На самом деле чувствовала себя я просто отвратно. Еще со вчерашнего вечера. И встала вся разбитая, но потом как-то расходилась. А вот сейчас снова стало погано. Не сильно, но противно болела голова, саднило в горле. Сначала знобило, потом бросило в жар.

Криська пощупала мой лоб ледяной рукой и испуганно ойкнула.

- Маш, да ты горишь. Подожди, сейчас градусник принесу.

Вернулась она с градусником и с мамой. Тетя Ира тоже пощупала мне лоб и покачала головой.

- Тридцать восемь – не меньше. Или больше. Давай, меряй.

Градусник показал тридцать восемь и девять. Глаза закрывались. Хотелось свернуться где-нибудь клубочком и не шевелиться.

- Так, ну вот что, - тетя Ира встряхнула градусник и положила в футляр. – Ты собирайся, а я сейчас машину подгоню со стоянки, отвезу тебя.

- Не надо, - вяло затрепыхалась я. – Дойду. Недалеко.

- Куда ты дойдешь такая? Без разговоров, Маша. У тебя дома есть кто?

- Виталик, - хныкнула я. – Мама в вечер.

- Ну хоть в аптеку сходит.

Угу, сходит он! Да он и не знает небось, где у нас аптека.

- По-хорошему, с такой температурой неотложку бы вызвать. Может, у тебя воспаление легких.

Силы улетучивались, как воздух из проколотого шарика. Даже на то, чтобы возразить, не осталось. Неотложку так неотложку, воспаление так воспаление. Только не трогайте меня, ладно? Может, даже и хорошо, что заболела именно сейчас. Может, мать не так сильно будет докапываться. И Виталик – он брезгливый, побоится заразиться, не полезет.

По дороге я то и дело куда-то проваливалась и выныривала, когда машину трясло на выбоинах или трамвайных рельсах.
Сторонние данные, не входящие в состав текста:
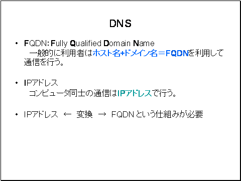一般的に利用者はホスト名+ドメイン名からなるFQDNを利用して通信を行います。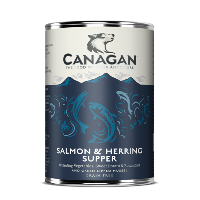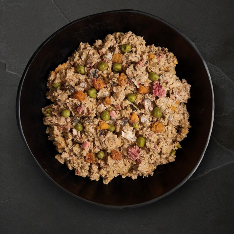 Salmón fresco (35%), arenque fresco con metilsulfonilmetano (30%), batata, zanahoria, guisantes, brócoli, minerales, mejillón de labio verde*, aceite de salmón, manzana, espinacas, algas, perejil, yuca, escaramujo, ortiga, olmo, caléndula, anís, menta, romero. *Fuente de glucosamina (100 mg/kg).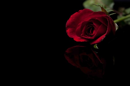 beautiful red rose with reflection on black base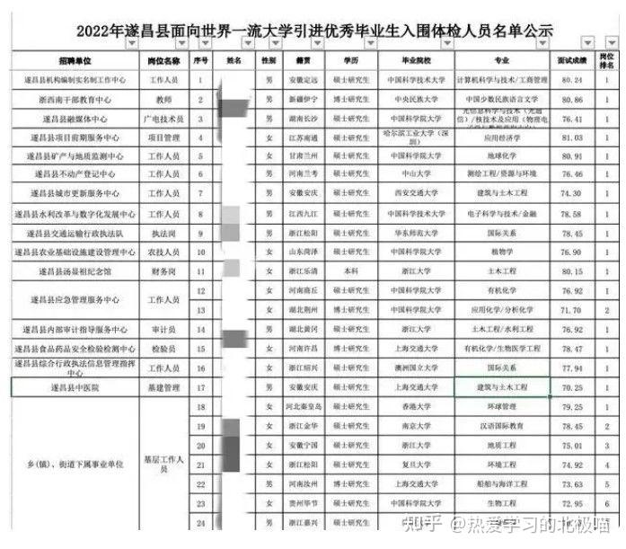 想必各位小伙伴们都看到了最近的新闻,浙江省丽水市遂昌县发布一份名为《2022年遂昌县面向世界一流大学引进优秀毕业生入围体检人员公告》的公示名单,引得网友讨论,这其实主要反映了当下高学历人才的就业意向。北极喵认为这背后有以下几个原因: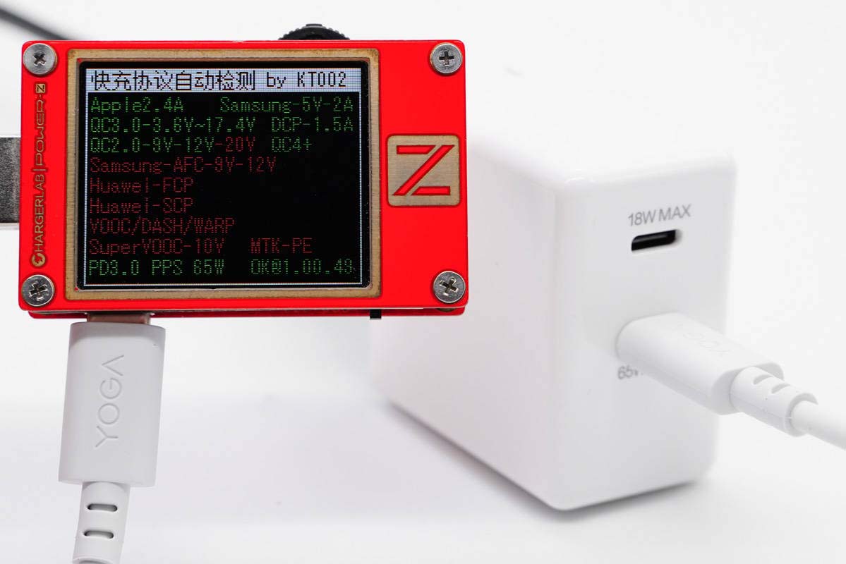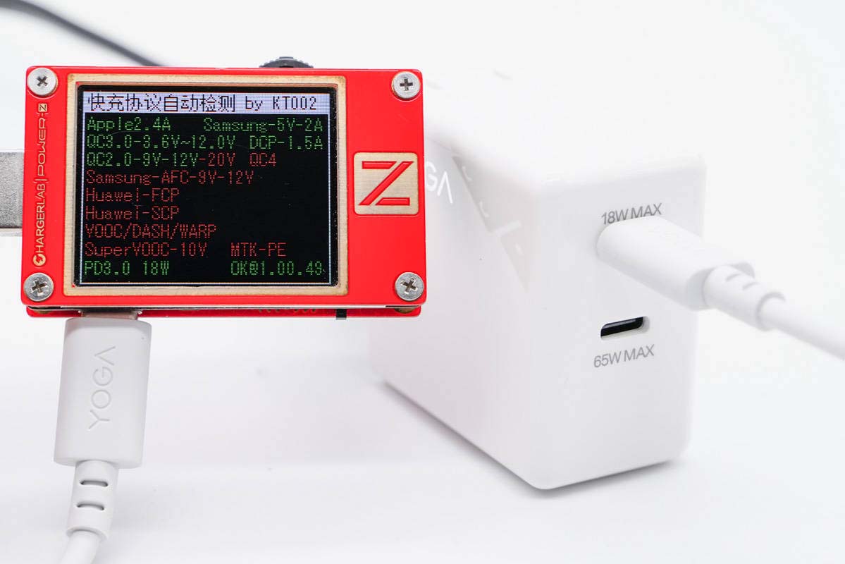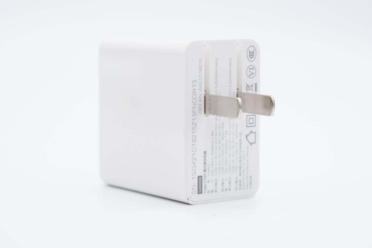 聯想YOGA CC65雙口氮化鎵充電器機身光滑簡潔,邊角圓潤,配備可折疊插腳和雙C輸出口,功率密度做到了0.88W/cm3,整體十分小巧。C1和C2口分別支持最大65W/45W和18W快充,視輸入電壓大小決定,支持QC、PD、PPS通用快充協議,支持45W+18W雙口同時快充策略,滿足筆電和手機同時快充需求。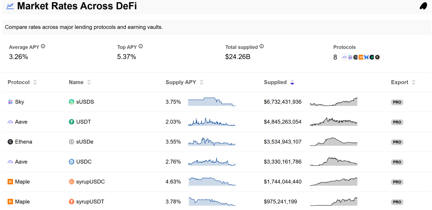 借贷费率与年化收益对比(参考 Aave 及主流 DeFi 利率)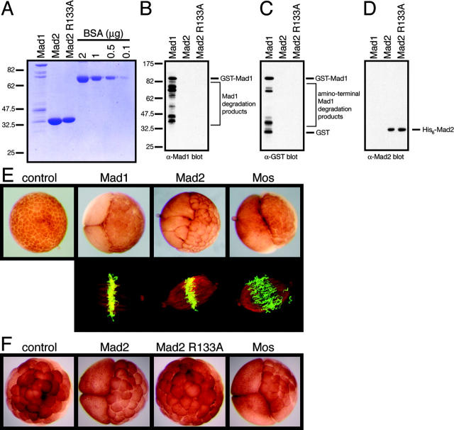 In cells containing disrupted spindles, the spindle assembly checkpoint arrests the cell cycle in metaphase. The budding uninhibited by benzimidazole (Bub) 1, mitotic arrest-deficient (Mad) 1, and Mad2 proteins promote this checkpoint through sustained inhibition of the anaphase-promoting complex/cyclosome. Vertebrate oocytes undergoing meiotic maturation arrest in metaphase of meiosis II due to a cytoplasmic activity termed cytostatic factor (CSF), which appears not to be regulated by spindle dynamics. Here, we show that microinjection of Mad1 or Mad2 protein into early Xenopus laevis embryos causes metaphase arrest like that caused by Mos. Microinjection of antibodies to either Mad1 or Mad2 into maturing oocytes blocks the establishment of CSF arrest in meiosis II, and immunodepletion of either protein blocked the establishment of CSF arrest by Mos in egg extracts. A Mad2 mutant unable to oligomerize (Mad2 R133A) did not cause cell cycle arrest in blastomeres or in egg extracts. Once CSF arrest has been established, maintenance of metaphase arrest requires Mad1, but not Mad2 or Bub1. These results suggest a model in which CSF arrest by Mos is mediated by the Mad1 and Mad2 proteins in a manner distinct from the spindle checkpoint.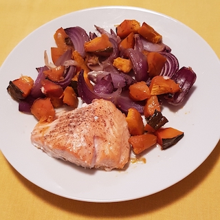 Preparare la zucca e la cipolla lavate e tagliate a pezzi di media grandezza e metterle nella teglia.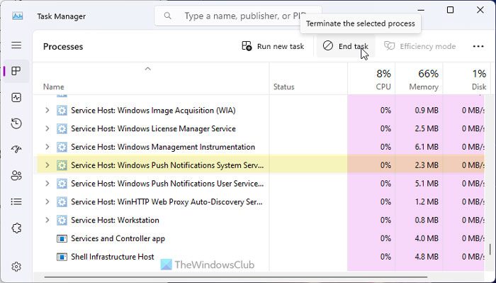 Aby rozwiązać problem wysokiego użycia pamięci lub procesora w usłudze użytkownika powiadomień wypychanych systemu Windows na komputerze, postępuj zgodnie z poniższymi instrukcjami: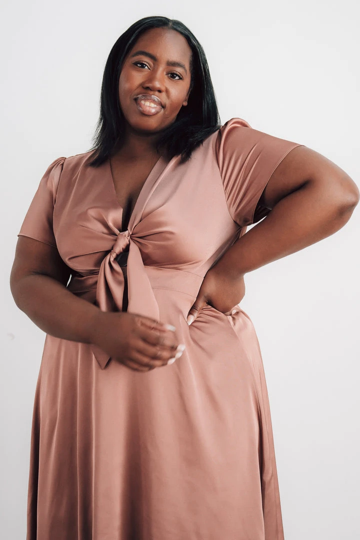 JH Poppy Satin Midi Dress | Rosy Brown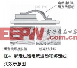 通常,逆變器設(shè)計(jì)主要考慮IGBTTjmax(最高結(jié)溫)的限制,但在混合動(dòng)力車應(yīng)用中,逆變器較少處于恒定工況,加速、巡航、減速都會(huì)帶來(lái)電流、電壓的改變,由此帶來(lái)的ΔTj(結(jié)溫快速變化)將會(huì)更大程度影響IGBT的壽命,IGBT導(dǎo)通電流波動(dòng)時(shí),綁定線也會(huì)隨之?dāng)[動(dòng),對(duì)綁定線和IGBT芯片連接可靠性有較大的影響,反復(fù)的擺動(dòng)可能導(dǎo)致綁定線壽命的耗盡(EOL,EndofLife),例如綁定線和IGBT芯片焊接脫落、綁定線斷裂等,直接導(dǎo)致IGBT的損壞。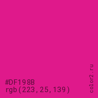 Цвет #DF198B в цветовой модели RGB обозначается тремя октетами (223, 25, 139) в десятичном формате и #DF198B в шестнадцатиричном (hex) формате, которые являются интенсивностью красного 223 (hex DF), интенсивность зелёного 25 (hex 19) и интенсивность синего 139 (hex 8B).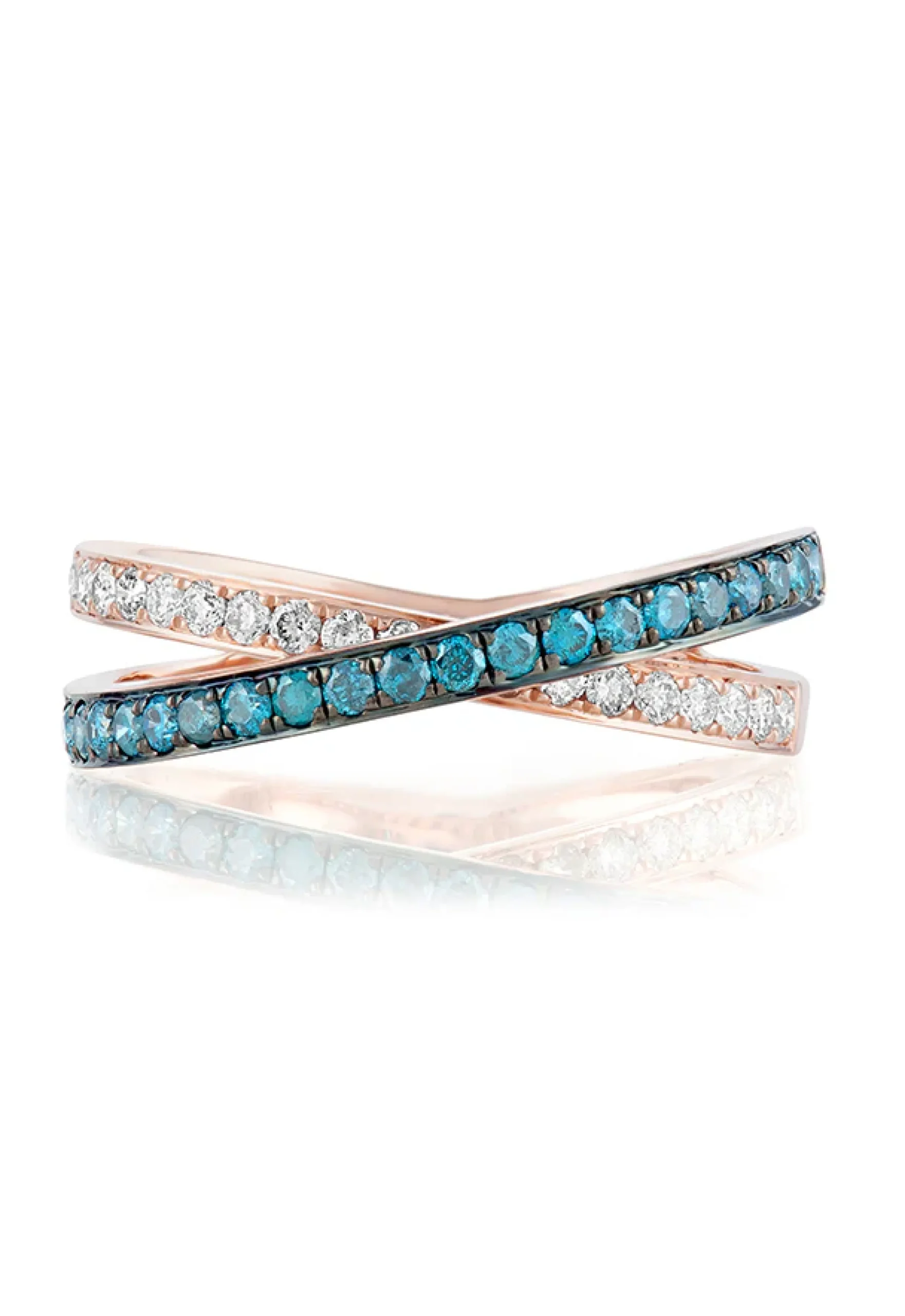 Effy Bella Bleu 14K Rose Gold Blue & White Diamond Crossover Ring, 0.57 TCW

Тетя Ира помогла мне выбраться, довела до квартиры, позвонила в дверь. Открыл Виталик – хорошо хоть не в трусах, а то было бы совсем позорище.

- Добрый день, - сказала тетя Ира, втолкнув меня в прихожую. – Я мама Кристины, Машиной подруги. Маша была у нас, у нее поднялась температура, я ее привезла. Ей жаропонижающее что-нибудь надо. И врача бы вызвать, тридцать девять почти.

- Разберемся, - буркнул Виталик.

Я стояла, привалившись к стене, чтобы не упасть. Сильно кружилась голова, сердце стучало где-то в ушах, как колокол. Тетя Ира ушла, и я поплелась к себе. Виталик сказал что-то – не расслышала. Надо было раздеться, но сил совсем не осталось. Закрылась на задвижку, легла, укрывшись пледом, и снова провалилась в темноту, откуда выдернул грохот: кто-то колотил в дверь.

Глава 14

Сева

У класса была своя закрытая группа ВКонтакте, админил которую Кеший. Ясное дело, все там было в его стиле тупого стендапа. Лидка меня туда пригласила, я вступил, но за весь год заглянул от силы пару раз. А тут сидел вечером за компом, зарывшись в вузовский задачник по информатике, и неожиданно захотелось зайти.

Так и завис там до ночи. Читал старые посты, смотрел фотографии, которых туда залили немерено, еще с младших классов. Удивлялся, как все изменились. Хотя нет, не все. Маликова – почти нет. Такая же тощая, бледная, с раскосыми глазами, большим ртом и толстым носом. Страшная, в общем. Разве что две косички вместо распущенных волос.

На одной фотографии они с Вербицкой сидели за партой. Первый класс или второй, вряд ли старше. Вербицкая, кстати, тоже мало изменилась. Даже очки почти такие же. Хотя, самой собой, подросли обе, повзрослели.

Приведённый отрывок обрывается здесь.